Parola, in una parola, l’ultima parola. La parola alla difesa, la parola d’ordine, la parola di Dio. La parola è “l’ombra dell’azione” (Democrito), è “un’ala del silenzio” (Pablo Neruda), è “la luce dell’umanità” (Giovan Battista Nicolini). Le parole sono “pietre” (Carlo Levi), sono “tutto quello che abbiamo, perciò è meglio che siano quelle giuste” (Raymond Carver). E le belle parole sono “migliori dei brutti colpi” (William Shakespeare). Basta la parola, basta una parola. La parola “parola”.

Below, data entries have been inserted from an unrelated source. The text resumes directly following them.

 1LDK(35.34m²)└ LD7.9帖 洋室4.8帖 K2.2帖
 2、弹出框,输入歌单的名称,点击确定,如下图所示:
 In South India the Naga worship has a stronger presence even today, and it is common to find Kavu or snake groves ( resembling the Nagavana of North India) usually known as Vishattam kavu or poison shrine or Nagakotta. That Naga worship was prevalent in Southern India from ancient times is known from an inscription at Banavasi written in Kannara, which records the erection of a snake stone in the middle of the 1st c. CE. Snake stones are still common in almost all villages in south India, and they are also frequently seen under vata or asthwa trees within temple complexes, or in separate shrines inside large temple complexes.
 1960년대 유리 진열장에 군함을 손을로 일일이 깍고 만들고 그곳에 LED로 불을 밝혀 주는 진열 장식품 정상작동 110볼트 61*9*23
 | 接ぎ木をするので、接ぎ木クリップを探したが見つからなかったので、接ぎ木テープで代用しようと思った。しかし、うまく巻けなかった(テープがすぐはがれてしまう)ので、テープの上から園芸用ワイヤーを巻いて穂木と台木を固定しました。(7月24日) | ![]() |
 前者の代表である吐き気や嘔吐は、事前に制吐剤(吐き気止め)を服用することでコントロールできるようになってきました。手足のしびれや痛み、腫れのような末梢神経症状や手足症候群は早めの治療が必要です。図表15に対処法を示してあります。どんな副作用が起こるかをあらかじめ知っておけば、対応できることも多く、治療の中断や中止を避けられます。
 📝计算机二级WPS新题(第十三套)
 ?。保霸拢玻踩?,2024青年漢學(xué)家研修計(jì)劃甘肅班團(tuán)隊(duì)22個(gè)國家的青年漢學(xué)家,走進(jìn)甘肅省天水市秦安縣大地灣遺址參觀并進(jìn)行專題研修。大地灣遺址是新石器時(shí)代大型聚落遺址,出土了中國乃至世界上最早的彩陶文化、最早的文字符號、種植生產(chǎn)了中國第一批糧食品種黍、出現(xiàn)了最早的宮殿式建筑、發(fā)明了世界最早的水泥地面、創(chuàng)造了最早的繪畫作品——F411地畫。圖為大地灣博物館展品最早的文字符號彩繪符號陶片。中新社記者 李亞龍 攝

Francesca Mussi – milanese, laureanda a Brera - è partita da lì: da una parola, dalla parola “parola”. Ha fotografato centinaia di persone, soltanto la loro bocca, mentre scandivano, sillabavano, pronunciavano la parola “parola”. Tant’è: labbra al pronti e labbra al via, labbra che si aprono e labbra che si chiudono, labbra che prendono la rincorsa e labbra che giungono al traguardo. Poi ha stampato le foto, formato A4, e le ha distribuite, sul pavimento, e ne ha fatto un tappeto, un mosaico, un quadro, un album, un parolaio. Un’installazione artistica. Aperta, almeno fino al 9 marzo, nello spazio del circolo Gagarin, in via Galvani 2 bis, Busto Arsizio. Obiettivo: invitare la gente a camminarci sopra, senza scarpe, ed esplorare la stanza, e poi vedere l’effetto che fa. Alla gente, a lei, alle foto, alle bocche, a tutte le parole “parola” dette, pensate, cantate, recitate, immaginate, calpestate. “Lo spettatore – spiega Francesca Mussi – sarà coinvolto letteralmente in un gioco di parole”. Il titolo, bellissimo: “Non sono brava a parole”.

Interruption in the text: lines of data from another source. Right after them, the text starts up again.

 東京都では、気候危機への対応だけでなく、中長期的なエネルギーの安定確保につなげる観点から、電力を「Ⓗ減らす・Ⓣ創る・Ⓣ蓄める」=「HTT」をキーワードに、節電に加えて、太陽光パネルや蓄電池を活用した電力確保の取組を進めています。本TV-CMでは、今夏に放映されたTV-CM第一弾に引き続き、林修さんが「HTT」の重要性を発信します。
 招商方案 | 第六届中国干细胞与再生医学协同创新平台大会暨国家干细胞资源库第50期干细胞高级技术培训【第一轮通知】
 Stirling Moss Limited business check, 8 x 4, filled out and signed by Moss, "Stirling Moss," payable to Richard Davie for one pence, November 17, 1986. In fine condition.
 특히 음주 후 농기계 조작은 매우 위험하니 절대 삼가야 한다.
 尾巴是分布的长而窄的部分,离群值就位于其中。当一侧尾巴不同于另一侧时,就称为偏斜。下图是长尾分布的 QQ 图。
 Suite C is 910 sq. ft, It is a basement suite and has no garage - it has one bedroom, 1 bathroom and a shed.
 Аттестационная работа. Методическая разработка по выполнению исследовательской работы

E la bicicletta? E il ciclismo? Immaginate: invece di passanti, ecco ciclisti e cicloturisti, cicloviaggiatori e ciclosognatori. Invece di “parola”, ecco “bicicletta”. E poi giocarci, pedalando sulle somiglianze, sull’espressione, sulla smorfia, sui denti, sulla lingua. Perché si pedala, e tanto, anche a parole: parole che sfrecciano in volata e che arrancano in salita, parole che fanno l’inseguimento e parole che vanno in fuga, parole in tandem o in gruppetto. Fino all’ultima parola. Che potrebbe essere “nera”: come la maglia dell’ultimo in classifica.

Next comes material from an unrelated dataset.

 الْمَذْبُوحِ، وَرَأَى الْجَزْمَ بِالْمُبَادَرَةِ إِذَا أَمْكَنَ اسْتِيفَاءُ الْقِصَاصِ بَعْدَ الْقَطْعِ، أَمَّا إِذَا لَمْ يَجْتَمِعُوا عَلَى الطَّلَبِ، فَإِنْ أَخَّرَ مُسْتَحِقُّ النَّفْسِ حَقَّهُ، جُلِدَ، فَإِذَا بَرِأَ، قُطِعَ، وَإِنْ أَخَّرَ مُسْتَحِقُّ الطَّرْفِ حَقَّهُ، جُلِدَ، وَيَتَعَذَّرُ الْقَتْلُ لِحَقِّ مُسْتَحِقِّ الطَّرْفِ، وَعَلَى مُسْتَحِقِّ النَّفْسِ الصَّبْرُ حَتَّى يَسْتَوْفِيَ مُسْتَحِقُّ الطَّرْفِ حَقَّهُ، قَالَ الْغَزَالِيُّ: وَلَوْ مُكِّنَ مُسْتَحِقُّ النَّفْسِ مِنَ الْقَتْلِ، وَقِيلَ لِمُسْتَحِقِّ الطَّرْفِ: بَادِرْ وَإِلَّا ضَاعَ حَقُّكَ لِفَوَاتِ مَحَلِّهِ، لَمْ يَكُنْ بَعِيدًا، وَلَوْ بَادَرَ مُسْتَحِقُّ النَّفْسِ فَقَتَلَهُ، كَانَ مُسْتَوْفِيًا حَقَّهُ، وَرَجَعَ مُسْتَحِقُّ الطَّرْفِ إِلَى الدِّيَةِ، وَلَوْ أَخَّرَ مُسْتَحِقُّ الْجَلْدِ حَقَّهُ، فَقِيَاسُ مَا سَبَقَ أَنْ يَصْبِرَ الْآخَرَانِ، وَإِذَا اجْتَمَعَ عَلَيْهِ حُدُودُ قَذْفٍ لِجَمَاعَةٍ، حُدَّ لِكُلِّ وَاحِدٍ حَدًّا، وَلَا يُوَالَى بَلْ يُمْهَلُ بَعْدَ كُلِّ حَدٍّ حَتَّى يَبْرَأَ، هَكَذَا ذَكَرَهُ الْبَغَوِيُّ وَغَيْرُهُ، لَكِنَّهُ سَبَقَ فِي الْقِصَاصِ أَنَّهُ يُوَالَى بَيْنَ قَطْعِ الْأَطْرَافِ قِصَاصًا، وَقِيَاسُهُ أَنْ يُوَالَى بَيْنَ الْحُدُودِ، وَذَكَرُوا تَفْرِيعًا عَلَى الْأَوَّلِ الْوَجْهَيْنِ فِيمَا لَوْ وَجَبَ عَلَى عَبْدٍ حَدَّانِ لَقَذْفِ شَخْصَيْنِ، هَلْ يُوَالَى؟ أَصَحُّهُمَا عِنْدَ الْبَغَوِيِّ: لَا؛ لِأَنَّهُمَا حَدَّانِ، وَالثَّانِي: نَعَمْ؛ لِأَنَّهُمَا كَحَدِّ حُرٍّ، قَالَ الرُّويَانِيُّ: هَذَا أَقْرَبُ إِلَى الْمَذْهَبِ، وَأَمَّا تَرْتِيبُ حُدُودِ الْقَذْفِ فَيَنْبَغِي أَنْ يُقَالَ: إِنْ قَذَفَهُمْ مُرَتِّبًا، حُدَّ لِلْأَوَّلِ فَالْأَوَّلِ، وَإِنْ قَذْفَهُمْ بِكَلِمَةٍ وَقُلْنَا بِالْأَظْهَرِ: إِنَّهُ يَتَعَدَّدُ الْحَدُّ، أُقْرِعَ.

“Mi sono immaginata – dice Francesca Mussi - di trovarmi in una stanza piena di persone che parlano, in un party in cui ognuno parla con qualcun altro, e tutti assieme creano quel brusio generale, un solo rumore fatto di argomenti che assieme non lasciano distinguere alcun significato. Allora mi immagino di poter annullare quel suono, e trasformarlo in immagine”. Come quando si pedala in gruppo: le bici che sibilano, le catene che ronzano, le parole che scivolano, i pensieri che volano.